Подхожу к нужному дому, а пока иду, слушаю, как разношенные ботинки хлюпают по тающему снегу. В лужах отражаются цепочки рыжих огней – это фонари нашей улицы. В феврале ещё темно, и до весны они будут зажигаться около пяти вечера.

Привычно, уже не задумываясь, набираю код и захожу в подъезд. Почему-то становится холоднее, чем снаружи – сквозняк? Натягиваю ворот свитера чуть ли не до самых глаз, прячу руки в рукава и ускоряю шаг, поднимаясь по лестнице. Выше, и выше, и выше, и выше, и выше…

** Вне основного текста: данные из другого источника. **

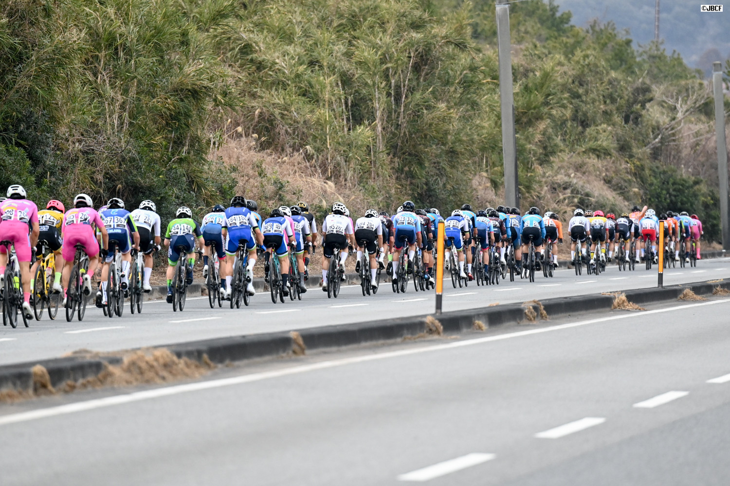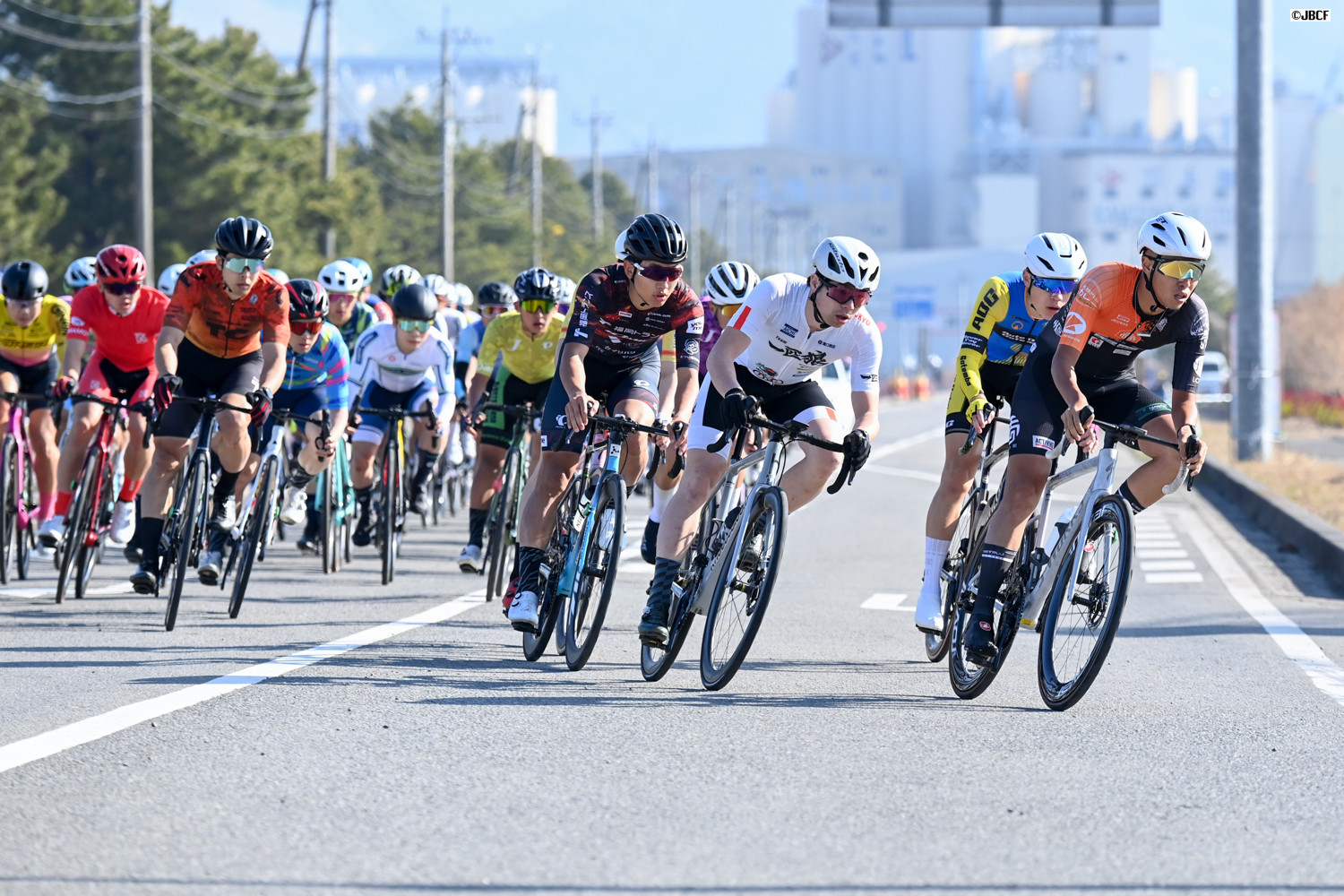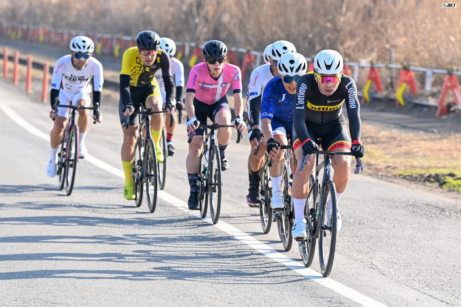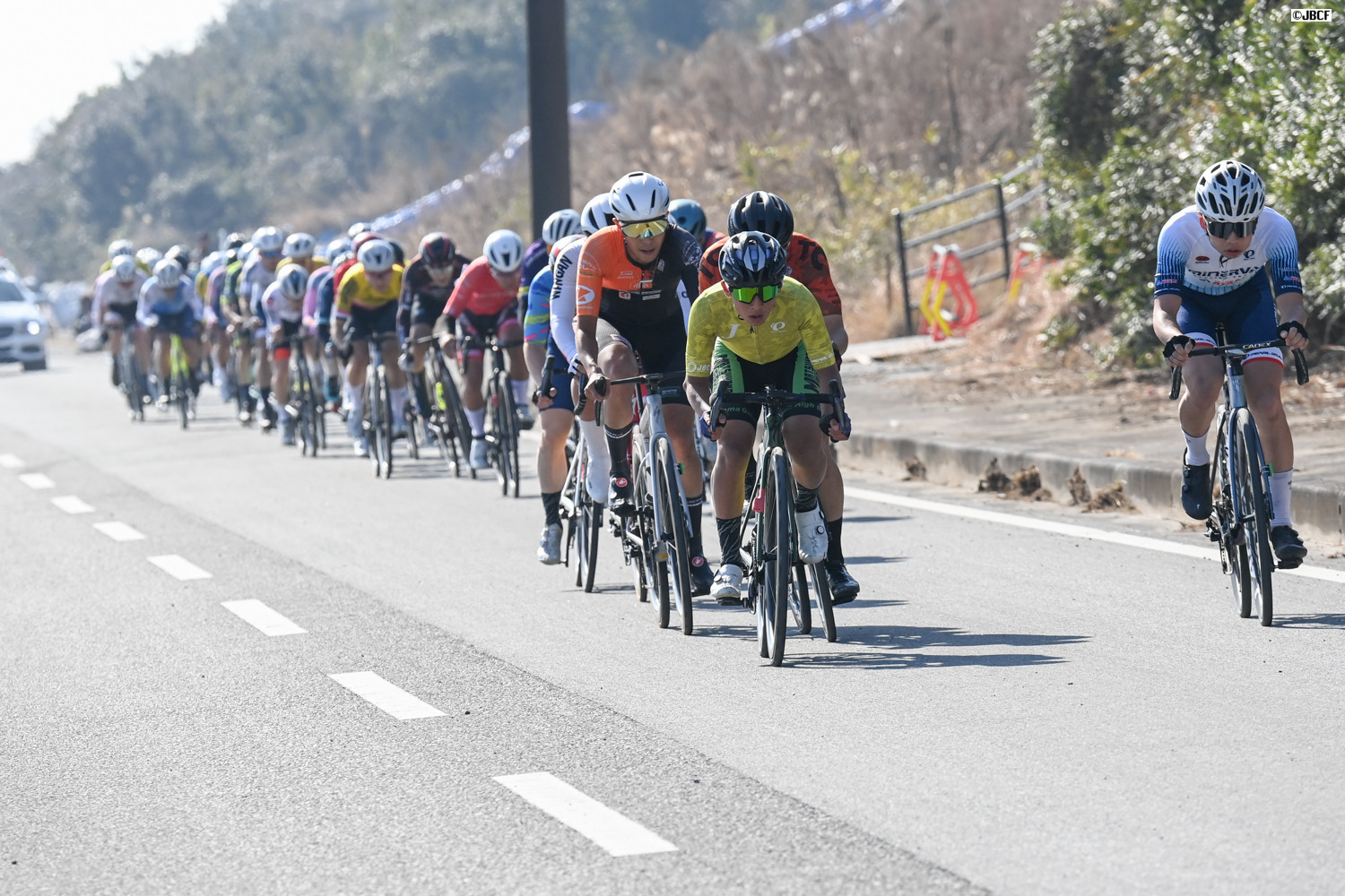 E1 集団中ほどに位置取るU23リーダージャージの松木海斗(明星大学)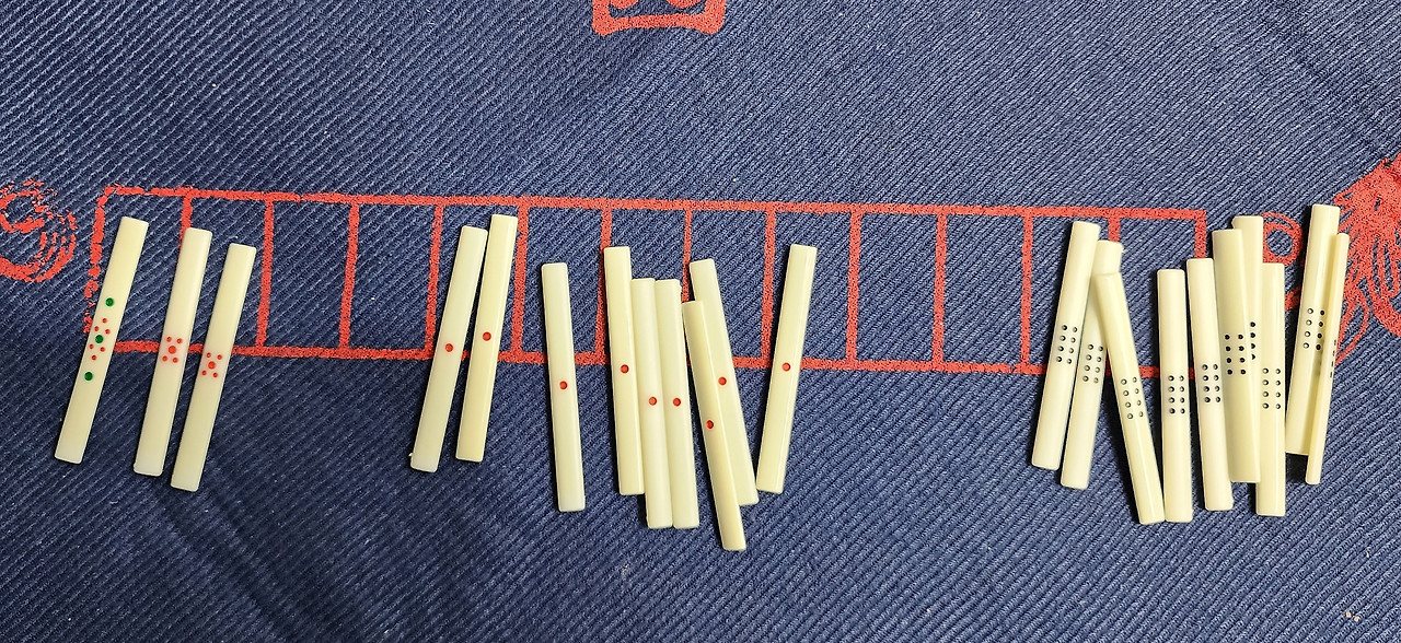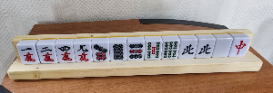 4. 마작패 받침대 : 이것은 파는 물건이 아니다. 사촌동생 집에서 마작을 할 때 우연히 봤는데 그 쓰임새가 기가 막히게 좋았다. 사촌동생은 마작동호회에서 얻었다고 했다. 우리 팀의 멤버 중 한 분이 아는 목수에게 제조위탁을 해서 우리도 구했다. 마작받침대가 없으면 손패를 탁자에 세워야 한다. 탁자에 세울 때 패를 쓰러뜨리기 쉽다. 또한 마작은 13개의 손패를 앞에 세워놓고, 패산에서 1개를 가져오고(쯔모), 1개를 버리는 행위(타패)를 계속하여 되풀이 하면서 게임을 하는 것인데 쯔모를 하지 않고 타패를 하거나(소패) 쯔모하고 타패하는 것을 잊어버리거나(다패) 하는 반칙을 자기도 모르게 하는 경우가 있다. 그러나 마작패 받침대가 있으면 그런 실수를 줄일 수 있다.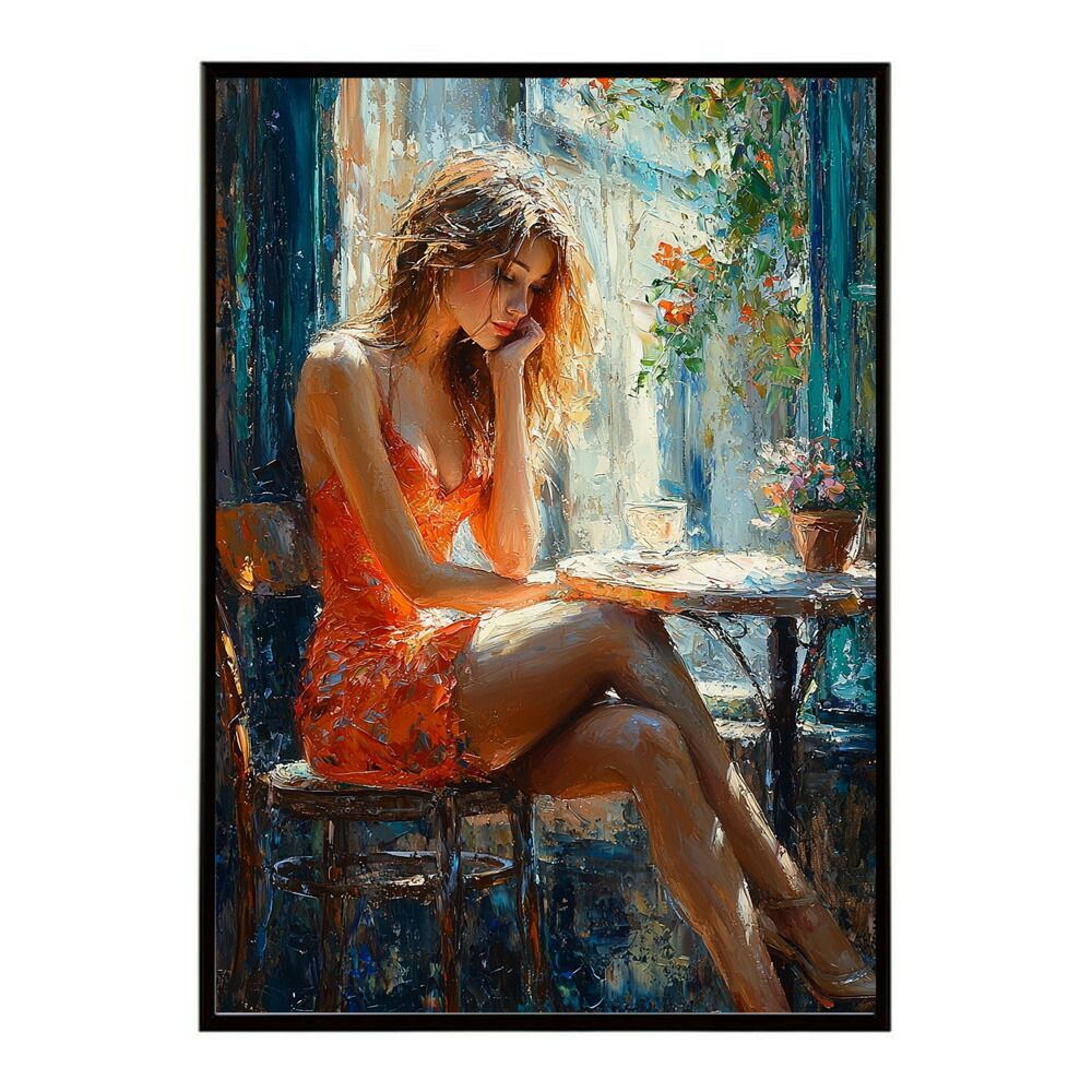 【A4サイズ(約21x30cm)】【lm-poster-2889】【フレーム付き】カフェに沈む午後 美女 絵画 画 油絵 ハンドメイド タッチ 手書き イラスト 街角 風景 カフェ ポスター イラスト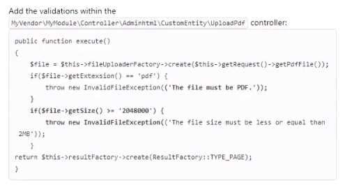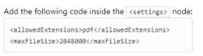 panel, the field must accept only .PDF files with size less or equal than 2 MB. So far the developer has

– Значит, вот где ты теперь живёшь.

Он стоит на лестничной клетке, опираясь о стену с картинной усталостью, и жадно затягивается сигаретой – прямо под надписью «не курить». Я не хочу на него смотреть, но смотрю. Это как с ядовитой змеёй – спокойнее, когда видишь, в какую сторону она ползёт.

У него безразличное лицо и злые смеющиеся глаза. Такие же, как всегда. И я не могу сделать вид, что мы не знакомы. Не могу позвонить Инге. Не могу убежать.

– Тебя здесь нет!

– Не устраивай истерику. – Он кривит губы, стряхивая пепел от сигареты. Говорит мягко, ровно, даже заботливо:

– Ты же бываешь нормальной. Давай всё обсудим, как нормальные люди. Мы ведь не чужие… Да?

Я молчу. Он делает шаг вперёд, глядя мне в глаза, и вдруг добавляет чуть слышно, не меняя интонаций:

– У тебя красивая соседка. Я бы её трахнул.

Я хочу закричать, чтобы он убирался. Чтобы не смел трогать девочек. Чтобы… Не могу издать ни звука, только сжимаю кулаки, но он всё равно резко меняется в лице. Так резко, что я бы не поверила, если бы не увидела сама. Если бы не видела это и раньше...

– Арс?

– Она вся горячая, у неё жар. Принесите скорее градусник…

– Не ходите, – я пытаюсь предупредить их, продираясь сквозь внезапно нахлынувшую темноту, хотя говорить по-прежнему трудно. – Не открывайте дверь…

Кто-то кладёт мне на лоб тряпочку, смоченную холодной водой. Кажется, она сразу нагревается. Очень хочется пить, но я только беззвучно шевелю губами и плотнее кутаюсь в одеяло.

Кто-то, догадавшись о том, что мне нужно, подносит к губам чашку с травяным настоем. Кто-то сидит всю ночь у моей кровати, гладит меня по голове и тихо, обеспокоенно говорит по телефону. Кто?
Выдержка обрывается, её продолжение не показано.